Наступил месяц август, выцветший добела. Каждый день жатвы дышал жаром, словно вынутый прямо из печи. Небо окрасилось матовым васильковым цветом. Но с холмов дул прохладный ветерок, и работалось хорошо, даже на панском поле, даже в дни добровольной барщины. У гусляра Йонтека Гаца уже зажили отбитые управляющим пальцы, и он мог снова поигрывать во время работы. А с музыкой, как известно, дело идет быстрее. Но лучше всего было рвать яблоки в церковном саду: во-первых, собирают яблоки вечером, когда они наливаются солнцем после целого дня и потому долго не портятся, а во-вторых, ксёндз – душевный человек и всегда угощает яблочным вином. Вино это легкое, как пух одуванчика, и сам не замечаешь, как оно ударяет в голову. Мальва и Куба возвращались из сада уже ночью, липкие от пота, вина и сока, пьяные больше, чем хотели это признать. Славные это были ночи. Нет ничего вкуснее пота, вина и сока, сцелованных с кожи любимого человека.

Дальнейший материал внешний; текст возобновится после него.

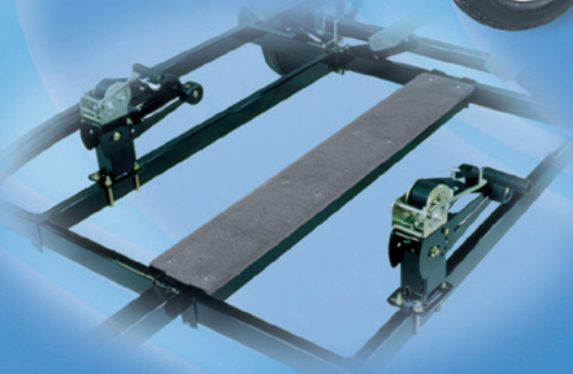
Optional center walkway

(Shown with optional storage box mounting kit and center walkway)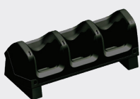
• 94ACC0206 3-Slot Dock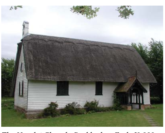
The Hamlet Church, Duddenhoe End: £1,000 for thatching

As usual the Grants Committee met on four occasions in 2011. The meetings were well attended and many thanks should be given to the Committee members and the Secretary, who all give so generously of their time. In addition to the meetings all the parishes who apply for a grant are visited by one of the Committee. The visit is arranged to discover the role of the church in the community and to gain an overall impression of the work to be undertaken. It is also an opportunity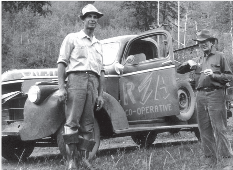
Electrification and living the dream in Gunnison County started 76 years ago.

With new technologies coming all the time we will have many more opportunities to continue living the dream. Here's to new possibilities.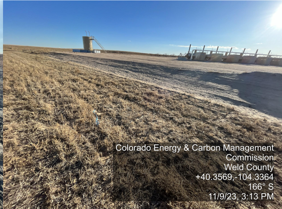
Photo 5. The photo was taken at the well location facing South. The photo illustrates areas of bare soil being torn up by wheel tracking in the interim areas.

Photo 6. The photo was taken at the well location facing South. The photo illustrates the slope off the active pad is unprotected from erosion by vegetation or BMP's.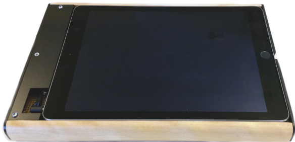
Figure 3: Nuance : a musical instrument using faust2api .

such as the iPad Pro . On the other hand, Android made huge progress (see Table 2), thanks to tremendous work carried out by Google , as well as our completely rewritten audio engine.

Порой Мальва и Куба вместе выходили ночью на крышу. Черепица отдавала дневное тепло, пахло старой древесиной, почти как в церкви. Их ласки наблюдали ночь и звезды, а иногда и Хана. Паренек знал это, хотя ему так и не удалось застукать дочку корчмаря за подглядыванием. То, что она знает о Кубе и Мальве, было понятно по тому, что она перестала по ночам танцевать на крыше. Кубу это не смущало, только иногда посреди ночи он слышал под сенником слабо стучащее сердце Ханы. И хотя билось оно негромко и не докучало, в парне оно все же вызывало злость и этим мешало спать. Однако выбросить его Куба не решался, потому что это все-таки сердце.

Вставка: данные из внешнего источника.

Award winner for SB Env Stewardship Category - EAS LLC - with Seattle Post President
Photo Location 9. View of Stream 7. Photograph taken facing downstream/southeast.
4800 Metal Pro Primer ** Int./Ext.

Потому, когда парень почувствовал, что Хана наблюдает за ними, он ласково погладил Мальву. Девушка тоже была преисполнена желанием, а потому позволяла прикасаться к себе и целовать, забираясь даже в этот чудесный уголок между бедрами, пахнущий оливковым маслом и весенней землей. При этом она иногда молчала, а иногда судорожно вздыхала или тихо стонала – и казалось, что это птенец козодоя кричит посреди ночи.

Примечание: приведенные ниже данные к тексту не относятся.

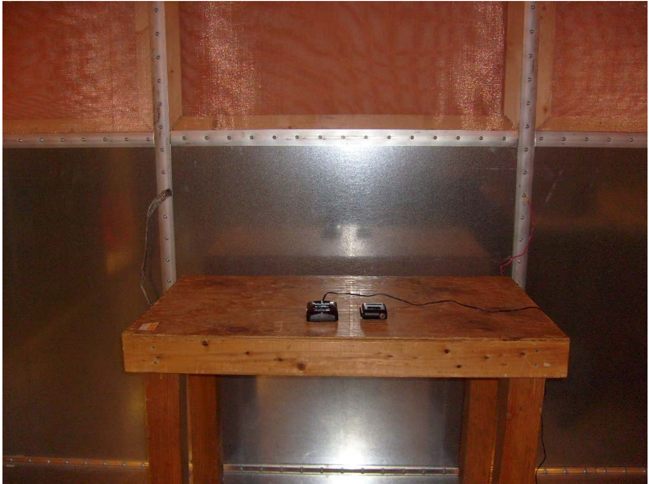
Photograph 2. Conducted Emissions Test Setup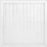
HEPA65-33 HEPA FILTER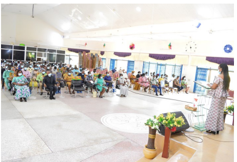
R.A Central Region delivering New Year message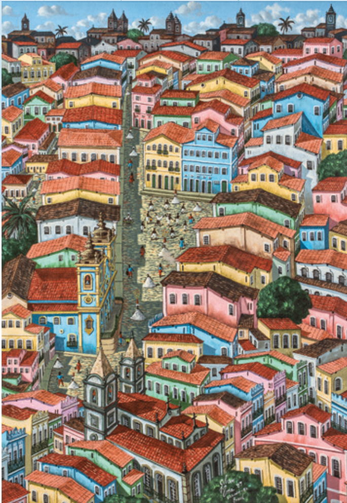
GILVAN LIMA Gilvan de Cruz Lima Salvador, Bahia Pelourinho , 1997 Acrylic on canvas, 27 x 19"

The Pelourinho (pel-oo=REEN-yo) is the historic center of the city of Salvador. Established in 1549, Salvador was the first capital of Brazil. Today the Pelourinho is a UNESCO World Heritage Site and contains the largest concentration of colonial architecture in the Americas.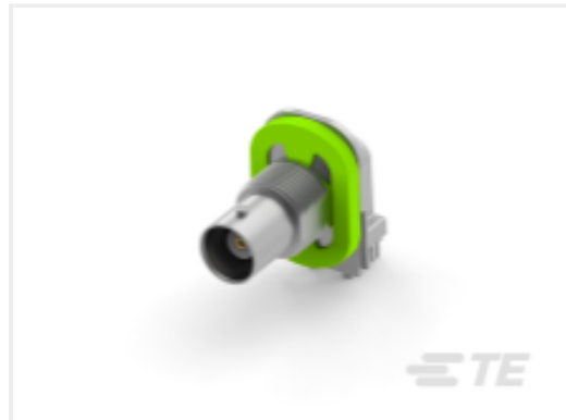
TE Part #2016166-1 JACK, R/A PCB, 50 OHM, BNC

Не имело значения, смотрела Хана или нет, Мальва все равно не позволяла Кубе взять ее нормально, по-человечески, как мужик бабу. Впрочем, он даже не думал об этом – так хорошо ему было с Мальвой. Когда женщина и мужчина вместе, они создают свой собственный мир, управляемый своими законами. Эти законы всегда правильны и мудры, ведь они оба счастливы в этом мире. Но так продолжается до тех пор, пока не явится кто-то со стороны и не скажет, что им могло бы житься еще лучше. У смятения и беспокойства всегда источник в других людях.

Так вот, однажды на жатве Йонтек Гаца спросил Кубу:

– Видал Сальчу Неверовскую?

– Сальчу? – Куба откинул со лба мокрые от пота волосы. Йонтек только кивнул подбородком в сторону, настроил гусли и проехался смычком по басам.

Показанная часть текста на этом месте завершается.